Ночь прошла без приключений. С первыми лучами солнца Лесана подняла мужчин. Она выглядела возбужденной, беспрестанно хмурила брови, говорила отрывисто и явно скрывала волнение. Видно было, что она страстно хочет отправиться в свое Иноземье и в то же время сильно этого боится.
Позавтракали сухарями с водой. Говорить никому особо не хотелось. Хлопуша то и дело поглаживал разбитое колено. Прошка морщился при каждом резком движении. Рамон был бледен и по-прежнему выглядел изможденным – ночь не восстановила его силы.

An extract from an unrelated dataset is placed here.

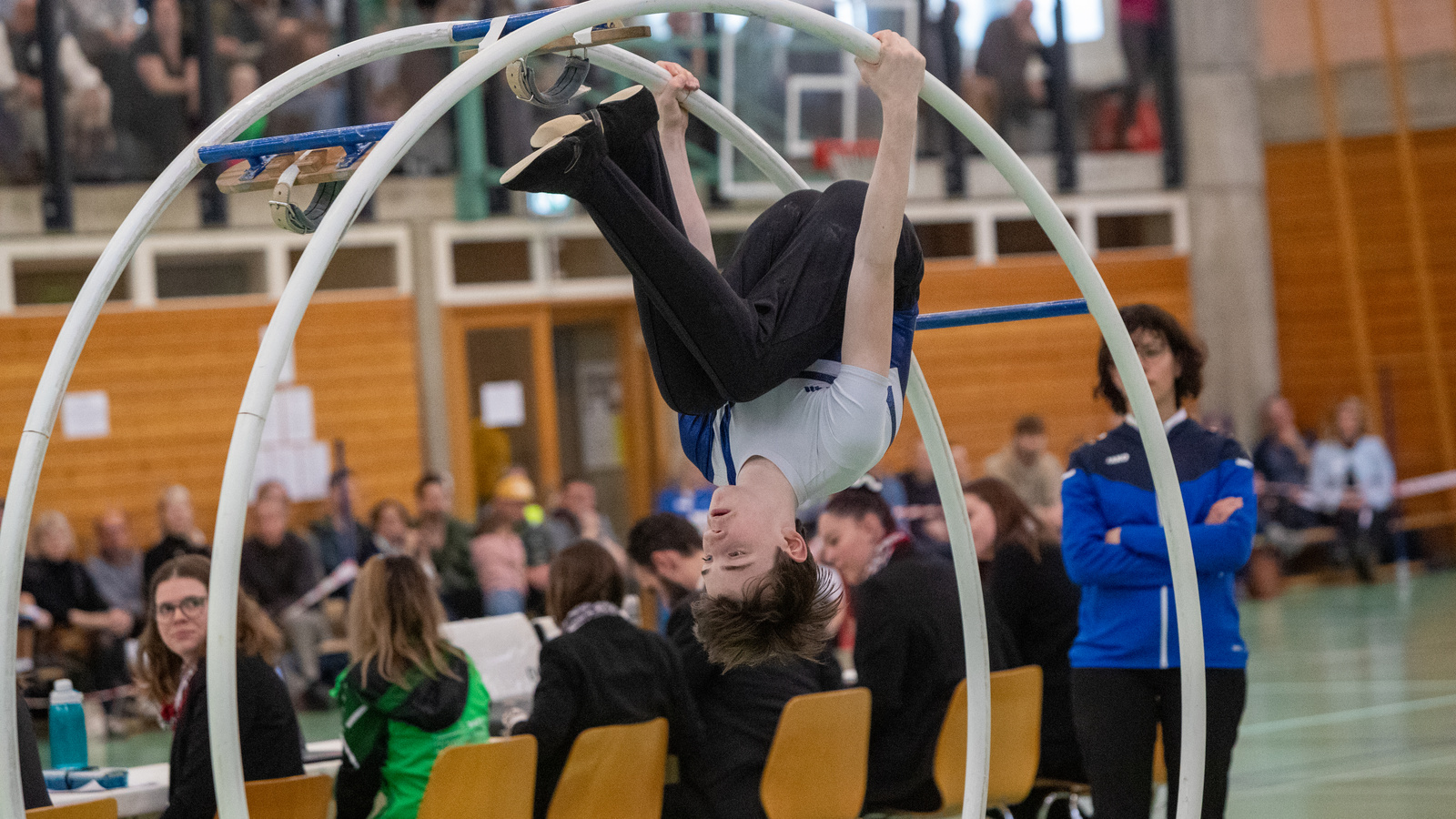 L’entraînement est varié et exigeant. Il commence par des bases : monter et descendre en toute sécurité, effectuer les premiers roulés, trouver l’équilibre. Progressivement, les débutantes et débutants évoluent vers des éléments plus complexes, encadrés par des entraîneuses et entraîneurs qui mettent l’accent sur la sécurité et la technique. La responsable du secteur Rhönrad à la FSG, Jacqueline Tschann, pratique elle-même ce sport depuis l’enfance et connaît les exigences d’un programme complet : « C’est physiquement très exigeant, avec une grande endurance de force et une tension corporelle constante tout au long de l’exercice. La dimension mentale reste aussi un défi : en compétition, il faut à la fois concentration et calme. »

Глеб внешне был спокоен, но Лесана, время от времени внимательно вглядывавшаяся в его лицо, понимала, что славному ходоку тоже не по себе.
Улучив момент, Лесана шепнула Глебу на ухо:
– У нас все получится, Первоход. Ты – самый сильный и ловкий из всех мужчин, каких я только видела.
Она хотела быстро поцеловать его в губы, но покосилась на Прошку и Рамона и передумала. Глеб же смотрел на травницу с затаенной тоской. Он чувствовал, что сегодня для них все закончится. И что эта славная девушка, сумевшая разбередить его душу, исчезнет из его жизни, оставшись в памяти светлым и грустным воспоминанием.
Упырь, которого Прошка и Глеб выволокли из чулана, выглядел не таким свирепым, как вчера. Было видно, что он сильно ослабел без еды.
– Накормить бы его для начала, – неуверенно проговорил Прошка, покосившись на Глеба и Лесану.
Но те пропустили его слова мимо ушей.
– Думаю, пора посмотреть, на что он способен, – сказал Глеб. – Лесана, действуй.
Девушка выдвинулась вперед, пристально посмотрела упырю в глаза, а затем положила руки ему на плечи и заговорила с ним на воркующем языке. Упырь зарычал и, дернув головой, попытался схватить Лесану зубами за руку, однако веревка не позволила ему этого сделать. Еще около минуты травница бормотала заклинания, а потом остановилась, посмотрела на Глеба и с отчаянием в голосе заявила:
– Ничего не получается, Первоход. Он стал слишком свирепым, и я не знаю, как это исправить.
– Дать ему по шее – сразу станет шелковым! – угрюмо пробасил Хлопуша.
Лесана покачала головой:
– Это не поможет. Он должен захотеть сам. Это его дар.
– Дар, дар, – проворчал Хлопуша. – Он ведь упырь. Живой мертвец. Боги не одаривают мертвецов.
– И все же он умеет делать то, чего мы не умеем, – сказал Рамон, лежа на топчане и тяжело и шумно дыша.
Несколько секунд все молчали. Потом Прошка Суховерт угрюмо проговорил:
– Это я виноват. Я впустил в наш мир гончую смерти. И я накормил упыря теплым человечьим мясом.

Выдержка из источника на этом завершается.